Zahl um das Achtfache gestiegen
In Deutschland müssen immer mehr Kinder und Jugendliche wegen einer Depression in einer Klinik behandelt werden. Typische Symptome, die bei ihnen auftreten, sind Stimmungsschwankungen, Antriebslosigkeit, Konzentrationsschwächen, mangelndes Selbstvertrauen oder psychosomatische Probleme, wie etwa Schlafstörungen. In Hamburg ist die Erkrankung für immer mehr junge Menschen so gravierend, dass eine ambulante Behandlung nicht mehr ausreicht und sie in Kliniken stationär behandelt werden müssen. So stieg die Zahl der stationären Behandlungen in der Hansestadt bei den 10- bis 19-Jährigen innerhalb von zwölf Jahren fast um das Achtfache. Dies teilte die Krankenkasse DAK-Gesundheit am Montag unter Hinweis auf Zahlen des Statistischen Bundesamts für die Jahre 2000 bis 2012 mit. Demnach stieg die Zahl der Kinder und Jugendlichen, die von Hamburgs Krankenhäusern aufgenommen wurden, von 61 im Jahr 2000 auf 474 im Jahr 2012.
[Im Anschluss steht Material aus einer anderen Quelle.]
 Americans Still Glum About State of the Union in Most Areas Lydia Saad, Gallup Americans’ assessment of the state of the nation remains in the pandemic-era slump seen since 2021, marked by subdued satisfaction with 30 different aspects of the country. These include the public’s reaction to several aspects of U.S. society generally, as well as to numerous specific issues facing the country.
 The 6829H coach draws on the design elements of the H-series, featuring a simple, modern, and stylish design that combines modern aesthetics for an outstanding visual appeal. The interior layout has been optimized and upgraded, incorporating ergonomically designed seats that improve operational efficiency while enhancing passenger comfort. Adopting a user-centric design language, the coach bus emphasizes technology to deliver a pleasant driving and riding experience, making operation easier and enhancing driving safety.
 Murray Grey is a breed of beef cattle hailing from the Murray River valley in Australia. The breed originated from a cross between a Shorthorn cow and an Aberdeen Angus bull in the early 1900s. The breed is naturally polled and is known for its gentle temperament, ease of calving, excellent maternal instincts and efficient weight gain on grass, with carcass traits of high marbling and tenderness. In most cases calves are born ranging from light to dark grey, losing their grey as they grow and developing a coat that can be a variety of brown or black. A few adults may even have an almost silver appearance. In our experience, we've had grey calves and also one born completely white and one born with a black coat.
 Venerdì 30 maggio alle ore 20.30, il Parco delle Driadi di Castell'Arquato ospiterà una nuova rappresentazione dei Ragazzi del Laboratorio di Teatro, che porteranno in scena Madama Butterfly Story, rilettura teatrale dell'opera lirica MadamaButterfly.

Zwei Drittel der Betroffenen sind Mädchen und junge Frauen
Diese Steigerung fiel deutlich höher aus, als im bundesweiten Durchschnitt, bei dem sich die Zahlen im gleichen Zeitraum von 2.145 auf 12.567 fast versechsfacht hatten. Die Statistik zeige zudem, dass auch der Anteil der stationären Behandlungen in Hamburg im Verhältnis zum Bundesdurchschnitt zugenommen hat, von 1,8 Prozent im Jahr 2000 auf 3,8 Prozent 2012. Insbesondere seit 2009 ist sowohl in der Hansestadt als auch im bundesdeutschen Durchschnitt die Zahl der behandelten Fälle deutlich angestiegen. In Hamburg als auch im gesamten Bundesgebiet sind Mädchen viel häufiger von dieser Erkrankung betroffen als Jungen. Etwa zwei Drittel der Patienten sind Mädchen und junge Frauen.
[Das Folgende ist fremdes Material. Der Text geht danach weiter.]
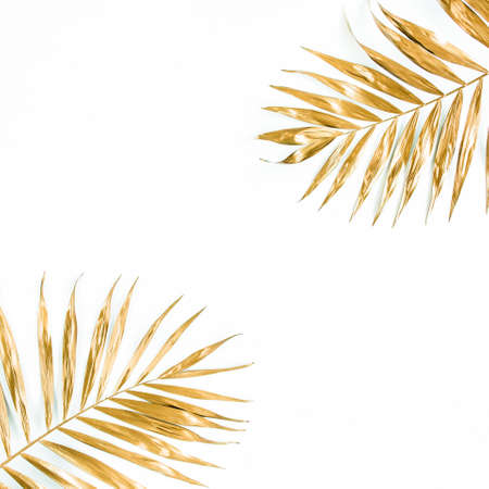 Gold tropical palm leaves on white background. Flat lay, top view minimal concept.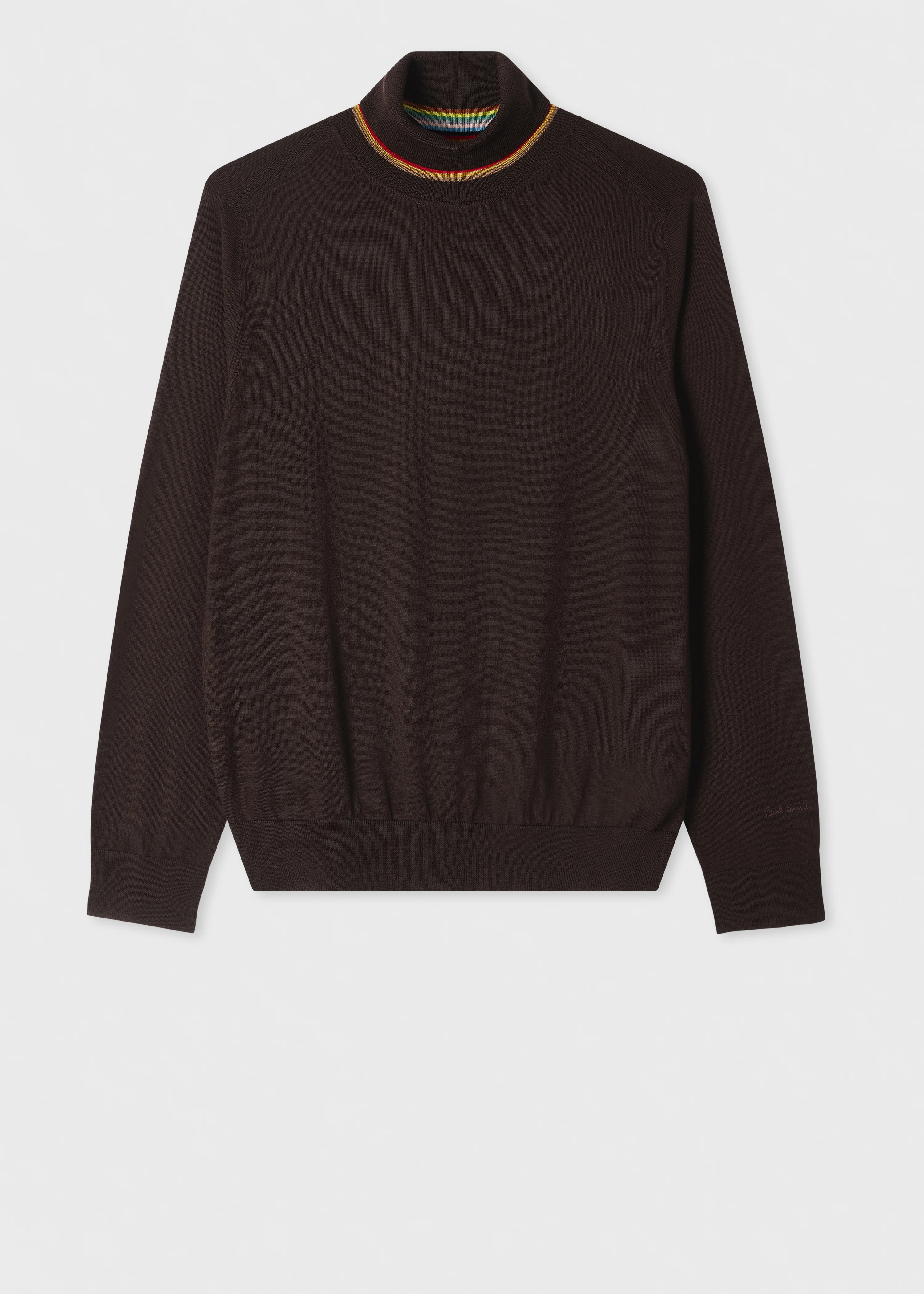Crafted from 100% merino wool for a soft and breathable finish, this dark brown roll neck sweater is a timeless piece. Versatile for both formal and casual occasions, this sweater is finished with our 'Signature Stripe' on the collar for a flash of colour. Product Code: M1R-539Z-T02093-69A

Leistungsdruck und Unsicherheit über Zukunftsperspektiven
Laut dem „Hamburger Abendblatt“ sieht der Direktor der Klinik für Kinder- und Jugendpsychiatrie am Universitätsklinikum Eppendorf, Prof. Michael Schulte-Markwort, einen der Gründe für die Steigerung in der Zunahme der Erschöpfungsdepression aufgrund eines Burnouts. Diese Situation entstehe durch Leistungsdruck bei gleichzeitig zunehmender Unsicherheit über die Zukunftsperspektiven. Auch wenn mehr Mädchen als Jungen betroffen sein, vermutet der Kinderpsychiater bei den Jungen einen künftig wahrscheinlich zunehmenden Anteil. Seiner Meinung nach liege es vor allem an dem zunehmenden Schweregrad der Erkrankung, dass immer mehr Jugendliche mit einer Depression in die Klinik müssen.
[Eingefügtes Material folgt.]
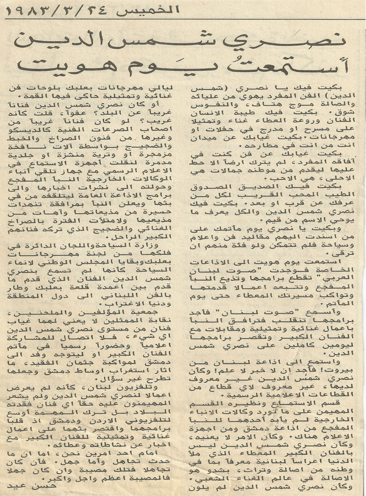 يوم وفاته كنت في مراهقتي ، ولن انسى لحظة كيف مرت تلك الواقعة الأليمة.. فعمو نصري رحل فجأة في عز عطائه ومعظم اهل القرية لم يستطيعوا الوصول اليها لوداعه بسبب ظروف الحرب الاهلية والاحتلال.. لكن ربما كان في ذلك عبرة.. فعدم وداعه أبقى صورته حياً دائماً في قلوبنا، وكأنه جزء من كل شيء جميل.. من جون، من الطفولة، من الصوت العذب الحنون، من الاغاني المتميزة الخاصة التي لم تمت ولم يستطع احد وراثة لونها كما غناه وشهره عمو الرائع الكبير نصري شمس الدين..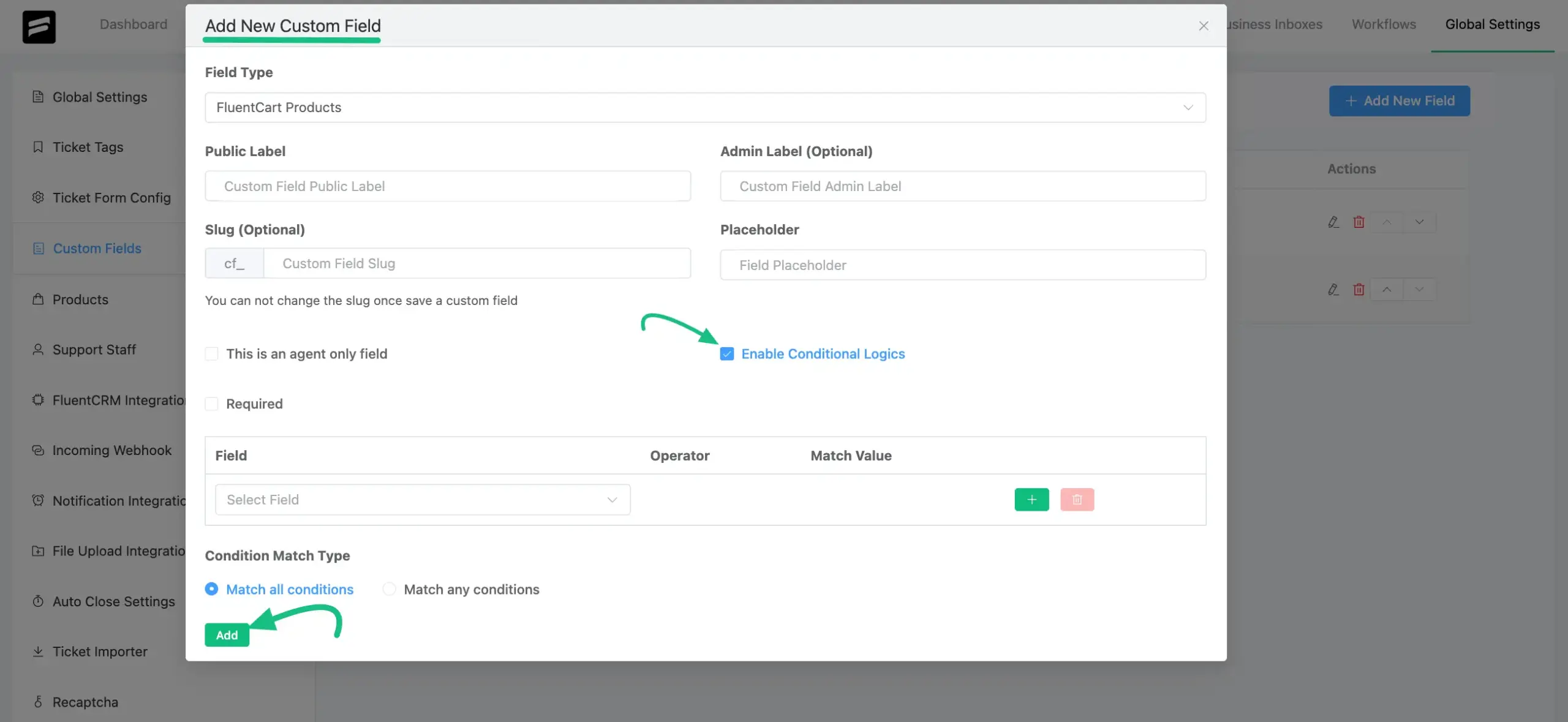 Give your Field Type a Public Label (e.g., “Select Your Product”) and configure additional fields as necessary. Also, you can enable Conditional logic if required. To save all the settings, click the Add button.

Höhere Sensibilität in der Bevölkerung
Die steigenden Zahlen werden von der DAK-Gesundheit jedoch auch als ein Zeichen einer Enttabuisierung gewertet, die es Betroffenen leichter mache, über die Erkrankung zu sprechen. So sagte die Hamburger DAK-Chefin Regina Schulz: „Heute ist es kein Makel mehr, wenn jemand an einer Depression erkrankt.“ Zudem würden Anzeichen für eine depressive Störung viel eher erkannt. Mittlerweile gebe es außerdem für psychische Erkrankungen eine höhere Sensibilität in der Bevölkerung. Allerdings meinen Experten, dass Depressionen im Kindes- und Jugendalter immer noch übersehen werden. Das sieht auch die Deutsche Gesellschaft für Kinder- und Jugendpsychiatrie, -psychosomatik und -psychotherapie ähnlich, die zu dem Schluss kommt, dass die meisten depressiven Kinder und Jugendlichen gar nicht oder ambulant behandelt werden. Die Fachgesellschaft schätzt auch die zunehmende Zahl der Klinikaufenthalte im Vergleich zur Häufigkeit der Erkrankung eher noch als gering ein und betrachtet sie vor allem als Ausdruck einer verbesserten Diagnostik.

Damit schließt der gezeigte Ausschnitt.